**Supplied information**
- Opening Delimiter -

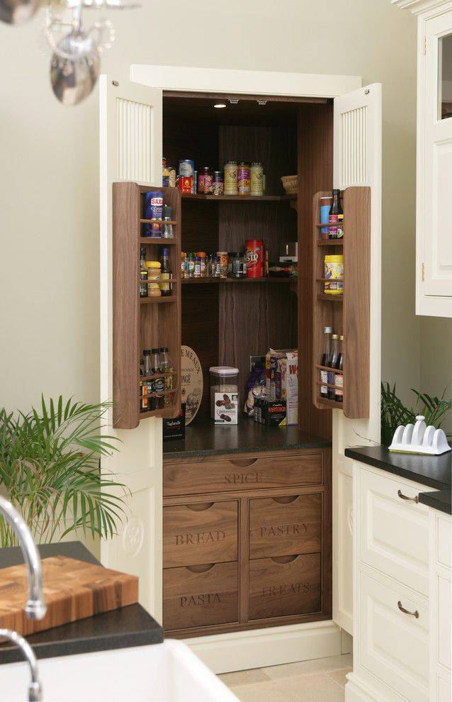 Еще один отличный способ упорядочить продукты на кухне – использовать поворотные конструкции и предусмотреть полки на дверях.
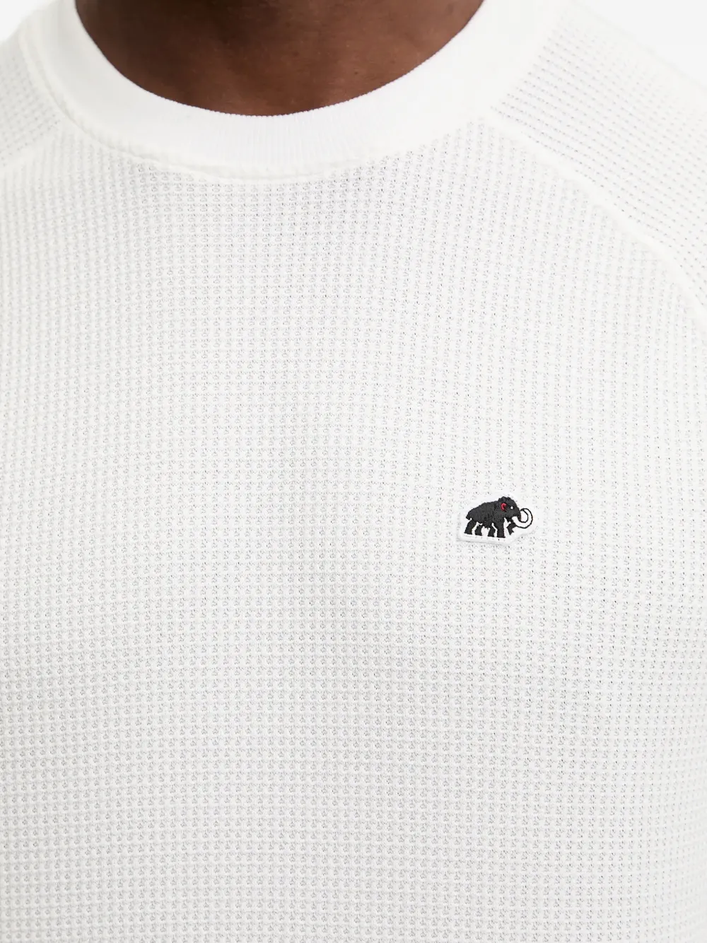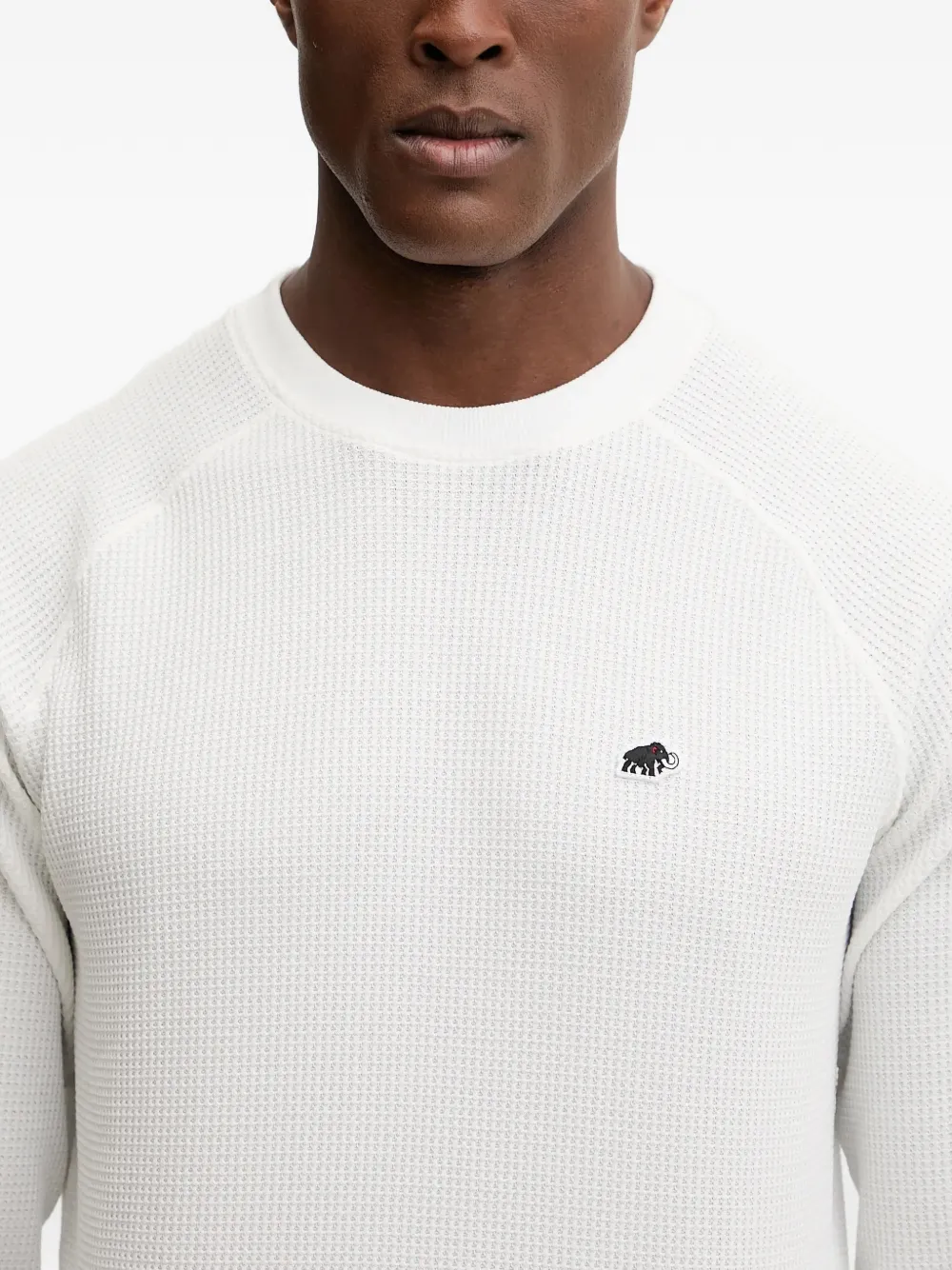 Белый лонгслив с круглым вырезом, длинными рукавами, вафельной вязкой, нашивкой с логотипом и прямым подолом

- Closing Delimiter -
- Opening Delimiter -

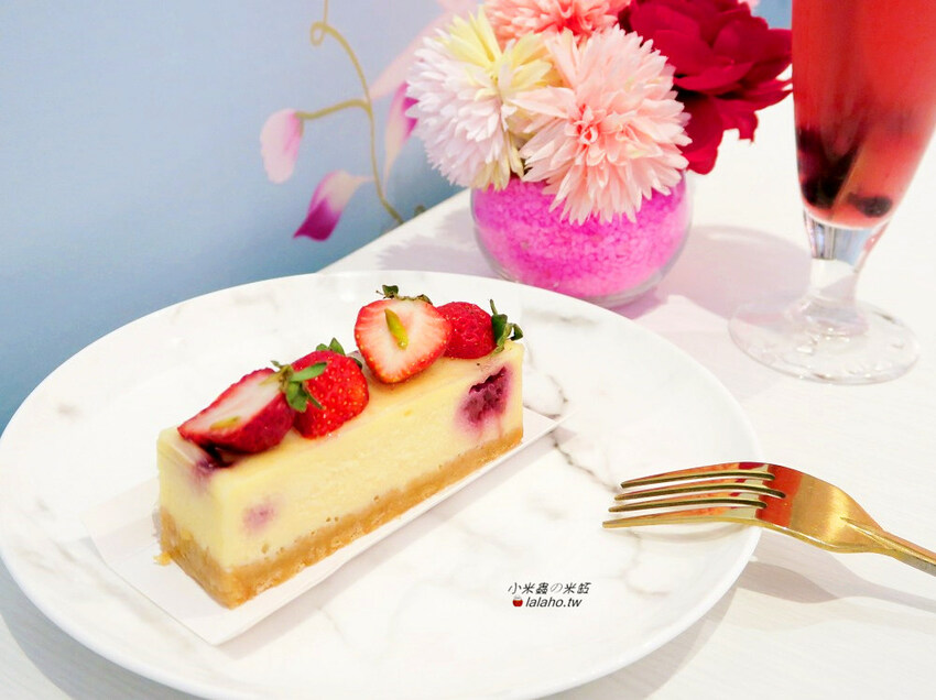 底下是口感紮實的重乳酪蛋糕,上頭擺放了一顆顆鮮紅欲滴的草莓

- Closing Delimiter -
- Opening Delimiter -

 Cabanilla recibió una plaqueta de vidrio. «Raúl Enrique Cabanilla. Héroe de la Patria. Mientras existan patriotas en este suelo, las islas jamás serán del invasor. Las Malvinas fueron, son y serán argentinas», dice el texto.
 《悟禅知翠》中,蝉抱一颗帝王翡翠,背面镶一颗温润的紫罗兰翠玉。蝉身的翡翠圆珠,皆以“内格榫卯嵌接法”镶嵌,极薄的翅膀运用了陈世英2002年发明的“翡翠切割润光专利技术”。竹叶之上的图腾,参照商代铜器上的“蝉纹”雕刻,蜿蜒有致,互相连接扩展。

- Closing Delimiter -

**What you are asked to do**
Go back to the listing above and write out the lines starting at the one with "Еще один отличный" and ending at the one with "Белый лонгслив с", inclusive, exactly and without pictures.

**Response**
 Еще один отличный способ упорядочить продукты на кухне – использовать поворотные конструкции и предусмотреть полки на дверях.
 Белый лонгслив с круглым вырезом, длинными рукавами, вафельной вязкой, нашивкой с логотипом и прямым подолом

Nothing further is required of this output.